本公演は、今年4月から7月にかけて上演が予定されていたが、新型コロナウイルスの影響で開幕が約5カ月後ろ倒しになっていた。「JAPAN Traditional REVUE『WELCOME TO TAKARAZUKA -雪と月と花と-』」は、歌舞伎俳優の坂東玉三郎が監修を、植田紳爾が作・演出を手がける日本物レビュー。明転と共に扇子を手にした月組生が華やかに幕開きを彩った。“雪月花”をテーマにした本作では、その後、ベートーベンやチャイコフスキーなどの楽曲に乗せて、日本の情緒あふれる艶やかなシーンが展開。“雪”のシーンでは、本作で退団する専科・松本悠里が美しい日本舞踊を披露した。また、満ちゆく月を背景にした舞台上で、トップスター・珠城りょうを中心に群舞で魅せる“月”のシーン、鏡の中の影と出会うことで“男性”として開花する様子を描いた“花”のシーンが続く。

一方、原田諒が作・演出を担う「ミュージカル『ピガール狂騒曲』~シェイクスピア原作『十二夜』より~」では雰囲気ががらりと変わり、コミカルな場面が繰り広げられた。
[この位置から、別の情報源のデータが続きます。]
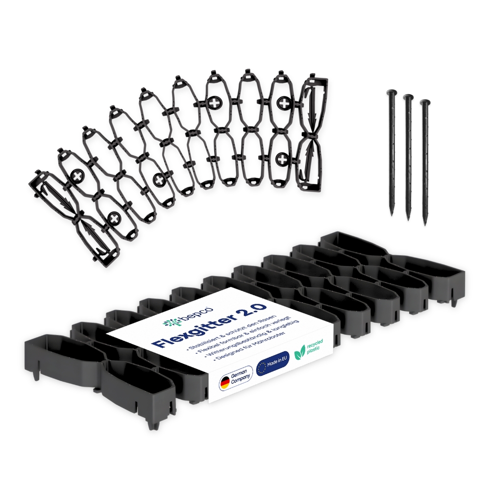 Durch häufiges Befahren mit dem Auto entstehen im Rasenboden unschöne Rillen, die später nur mit hohem Aufwand entfernt werden können. Die Rasengitter aus Kunststoff schaffen einen festen Boden auf der Rasenfläche, wodurch der Untergrund weniger stark beansprucht und nicht zerstört wird. Unsere Rasenwaben können auch mit Fahrzeugen (bis 250 Tonnen pro Quadratmeter) befahren werden, die den Rasen gegen Fahrrillen schützen und die Gefahr des Feststeckens mindern.

ウィリアム・シェイクスピアの喜劇「十二夜」を下敷きにした本作では、ベル・エポック(輝かしき時代)のフランスの歓楽街ピガールで、ムーラン・ルージュに集う人々の人生模様が描かれる。

珠城は、裏方で働こうとムーラン・ルージュを訪れたものの、ひょんなことから表舞台に立つことになったジャックと、腹違いの妹を探す貴族ヴィクトールの2役演じる。登場すると“ジャラーン”という効果音が鳴り、その美貌で周囲を魅了するジャック。珠城は周りに翻弄される彼を、コミカルながらもどこか気品と人の良さがにじむ演技で好演した。また、物語では女性の社会進出についても触れられる。トップ娘役の美園さくらは、夫のゴーストライターを辞めて自分の生きる道を探そうとする実在の人物ガブリエルを、チャーミングさと芯のある強さを両立させて演じた。そんなガブリエルを次回作の主演女優に任命したのは、ムーラン・ルージュの支配人シャルル。月城かなとは、守銭奴だと思われながらも、実は大きな夢を持つシャルルを、深みのある演技で体現した。そのほか、ガブリエルの夫ウィリー役の鳳月杏や、ウィリーに頼まれて潜入捜査に励む弁護士ボリス役の風間柚乃によるかけあいも場を盛り上げ、大団円を迎えるまで目が離せない。また、珠城の早替りが見どころでもある本作。どこに誰がいるのか、だまされないようご注意を。公演は来年1月3日まで。珠城のコメントは以下の通り。

珠城りょうコメント

月組東京宝塚劇場公演は、当初の予定から5か月遅れての開幕となります。長い間お待ちいただいた皆様には、心から感謝申し上げるのと同時にお会いできることを心待ちにしておりました。そして何よりも皆様の前で舞台に立つ喜び、表現できる喜びを感じています。世界中が苦しい状況にはありますが、世界で唯一無二の宝塚歌劇団の一員であるという誇りを胸に、皆さんの夢や希望になるような舞台をお届けできますよう、月組生一丸となって務めてまいりますので、応援のほどよろしくお願い申し上げます。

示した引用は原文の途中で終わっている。